Наконец я добрался до воды, к которой давно стремился. Я выпростал руку из меха, опустил ее в воду, и туда тотчас заплыла рыбешка — ослепительно сиявшая во тьме серебристо-белая рыбешка. «Поймал, поймал!» — закричал я, и голос мой вознесся ввысь, как возносятся ввысь искры от костра…
И земля, оказывается, не обезлюдела. На поверхности кто-то остался, и этот кто-то услышал меня, между нами была связь.
Вскоре у меня над головой начал все яснее очерчиваться световой круг — небо словно озарила комета. В мире занимался рассвет. Меня вытаскивали наверх.
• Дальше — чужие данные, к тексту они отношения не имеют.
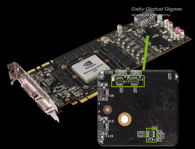 Ну что же, поставленные цели, как нам кажется, отражают пожелания поклонников Hi-End продукции NVIDIA, остаётся на практике проверить, что же получилось, но прежде чем мы перейдём к практическим испытаниям GeForce GTX 580, давайте немного поговорим о технологиях, поддерживаемых современными GPU NVIDIA. В сравнении с GeForce GTX 480 и другими представителями архитектуры Fermi, новый GeForce GTX 580 не получил поддержку каких-либо новых технологий. Как и большинство других современных ускорителей NVIDIA, GeForce GTX 580 полностью поддерживает технологии NVIDIA PhysX и CUDA, которые позволяют использовать ресурсы графического процессора для разного рода параллельных вычислений, например, аппаратное ускорение PhysX используется для включения ряда физических спецэффектов в играх, основанных на движке PhysX. К сожалению, на данный момент игр с поддержкой технологии NVIDIA PhysX не так много, хотя среди них есть и весьма выдающиеся проекты, например, Batman Arkham Asylum, Mafia II и Metro 2033. Никуда не делась и поддержка NVIDIA 3DVision, особенностям работы которой мы посвятили отдельный материал. Нельзя также не упомянуть технологии NVIDIA Surround и NVIDIA 3DVision Surround. По сути, NVIDIA Surround представляет собой несколько ограниченный аналог технологии Eyefinity, которую компания AMD анонсировала ещё осенью 2009 года. Суть NVIDIA Surround заключается в том, что подключив к компьютеру три монитора, пользователь может объединить их в единое рабочее пространство, рассматриваемое системой как один большой монитор. Ограничения NVIDIA Surround связаны с невозможностью объединения в единое пространство более трёх мониторов, а также с необходимостью использования как минимум пары видеокарт NVIDIA в режиме SLI для активации технологии NVIDIA Surround. Что же касается NVIDIA 3DVision Surround, то эта технология позволяет получить дополнительный эффект присутствия в виртуальных мирах благодаря совместному использованию 3D-очков NVIDIA и трёх 120 Гц-мониторов. К сожалению, на данный момент мы не сможем поделиться своими впечатлениями от работы с NVIDIA Surround/3DVison Surround, однако в будущем, если у нас будет такая возможность, мы обязательно это сделаем. Ну, а теперь, пришла пора познакомиться с GeForce GTX 580, встречайте: В нашей тестовой лаборатории оказался эталонный образец ускорителя GeForce GTX 580. Несмотря на то, что новая СО GTX 580 заметно отличается от кулера эталонной версии GTX 480, в дизайне системы охлаждения новинки просматриваются характерные черты, свойственные многим Hi-End продуктам NVIDIA. Тут можно провести аналогию с автопромом, например, машины марки BMW имеют ряд характерных особенностей, которые делают эти авто узнаваемыми даже при существенном изменении дизайна кузова. На панели выводов GeForce GTX 580, помимо вентиляционных отверстий, присутствуют три цифровых разъёма: два DL-DVI и один Mini-HDMI. Демонтируем систему охлаждения GeForce GTX 580. Как вы, наверное, уже успели заметить, новая система охлаждения GTX 580 лишена тепловых трубок, которые присутствовали в СО GeForce GTX 480. На сей раз система охлаждения топового ускорителя NVIDIA основана на испарительной камере. Графический процессор контактирует с площадкой, прямо над которой располагается герметичный отсек - в нем находится жидкость с низкой температурой кипения. При повышении температуры жидкость меняет своё агрегатное состояние и превращается в газ, перенося с собой тепло к верхней части системы охлаждения. Слегка остывая, газ конденсируется и вновь превра

Красное солнце уже простерло первые лучи над песчаной равниной за селением, подумал я.
И вдруг — почти на самом верху — я разглядел склонившиеся над колодезем лица родителей. Побледневшие, оцепеневшие от страха. Я выронил рыбку, и она, кружась, полетела вниз-вниз-вниз, а я закричал… и в тот же миг перевалился через край колодезя.
Крик и страх слились воедино, став моим самым ранним воспоминанием о них. А рыбку — серебристую колодезную рыбку — так никто и не увидел.
Я склоняюсь над светом своего прошлого, над искушениями и испытаниями тех ночей и дней. Свет этот мерцает глубоко внутри меня, то угасая, то разгораясь. Я вижу встречи и города, вижу испуг и радость, любовь и любопытство, вижу поражение за поражением.
Ночной воздух прозрачен и чист, и мои мысли видны как на ладони. Они кругом — в песке и воздухе пустыни. Они — шуршащие змеи, что уползают в темноту, они — цикады, что своим стрекотом распиливают ночь на части, но они же — и далекие огни земного Иерихона, и костер, брошенный догорать на том берегу Иордана Иоанном, который уже выполнил через меня свое обещание Господу.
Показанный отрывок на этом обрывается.